Bobustuc et al. reported that levetiracetam was the most potent MGMT inhibitor among several anti-epileptic medications with diverse MGMT regulatory actions and is thus considered the first-line drug to control seizure in glioma patients receiving TMZ (12). This is because levetiracetam enhances P53-mediateed MGMT inhibition, which sensitizes glioblastoma cells to TMZ (17) (12). This mechanism has never been investigated thoroughly, and thus further studies are necessary.
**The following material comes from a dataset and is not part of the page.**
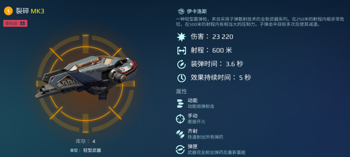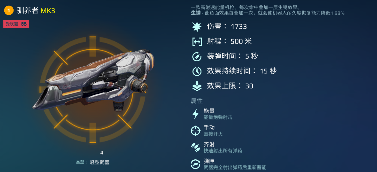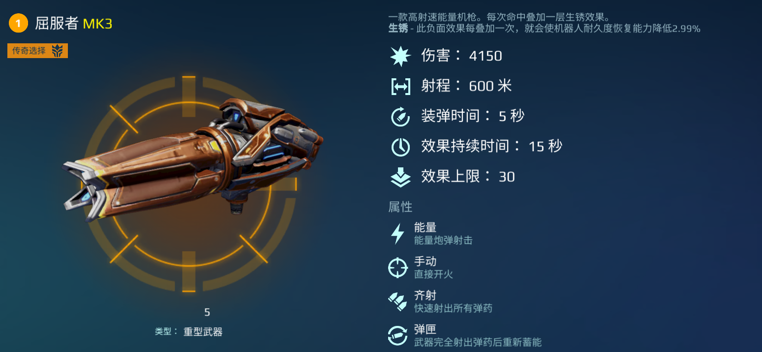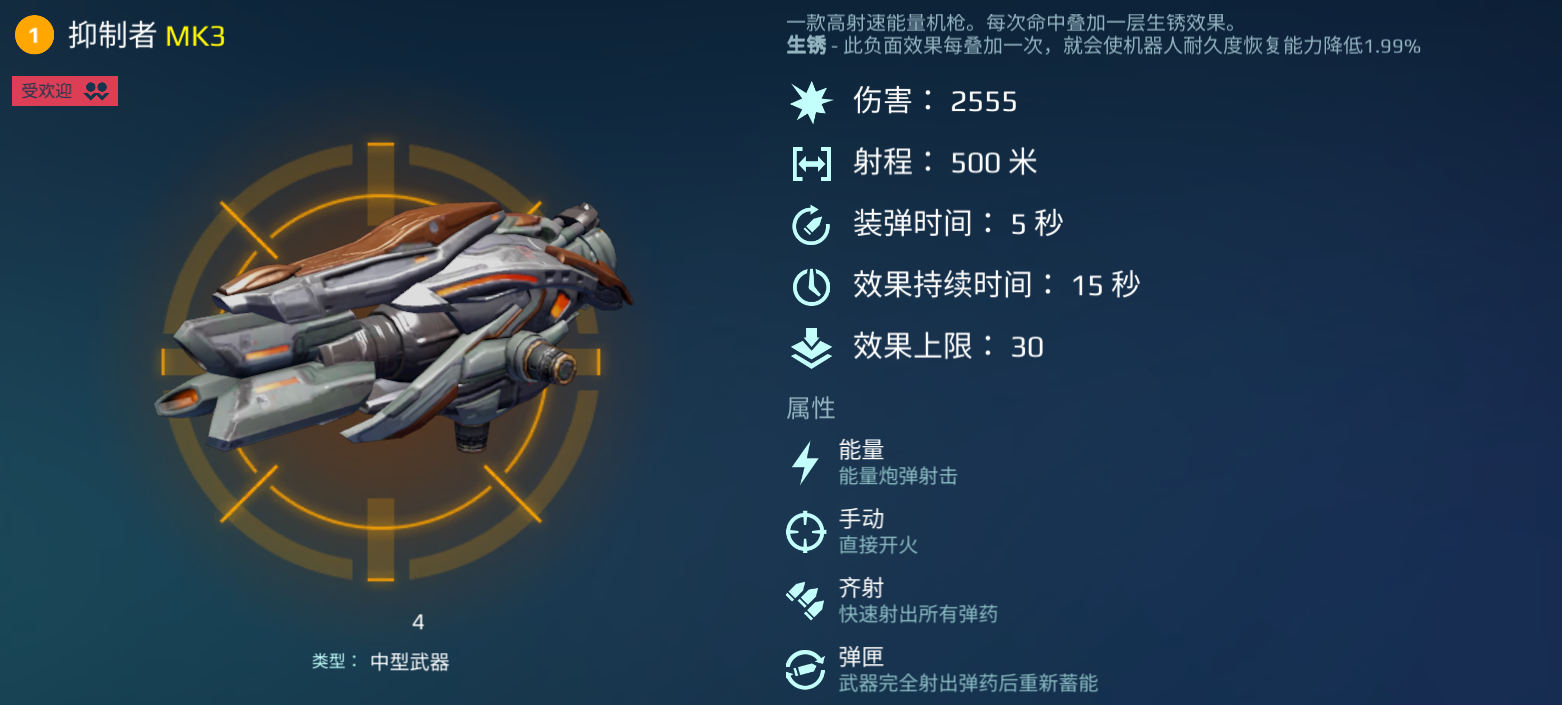 "锈枪"系列武器为高射速能量机枪,输出能力强,适合作为主战机甲的标备武器储备。

Scattered studies found that levetiracetam and valproic acid are the main anti-epileptic drugs that exhibit antitumor effects and have shown an actual decrease in the mortality rate among glioblastoma patients with epilepsy (13) (14) (15). Valproic acid exhibits antitumor effects via inhibition of mSin3A/histone deacetylase 1 and modulation of the mitogen-activated protein kinase pathway. Additionally, owing to the radio-sensitizing properties of valproic acid, radiotherapy with valproic acid is more effective than radiotherapy with other drugs (19). Another study on 418 patients with glioblastoma-associated seizures in Korea found that levetiracetam treatment in cases with the methylated MGMT promoter positively influenced the overall survival rate. In our study, we also found that levetiracetam is the first-line drug for glioblastoma-associated epilepsy. However, we reject the idea that levetiracetam sensitizes glioblastoma cells to chemotherapy, as there was no significant relationship with tumor recurrence interval when both anti-epileptic drugs and chemotherapies were used in glioblastoma patients.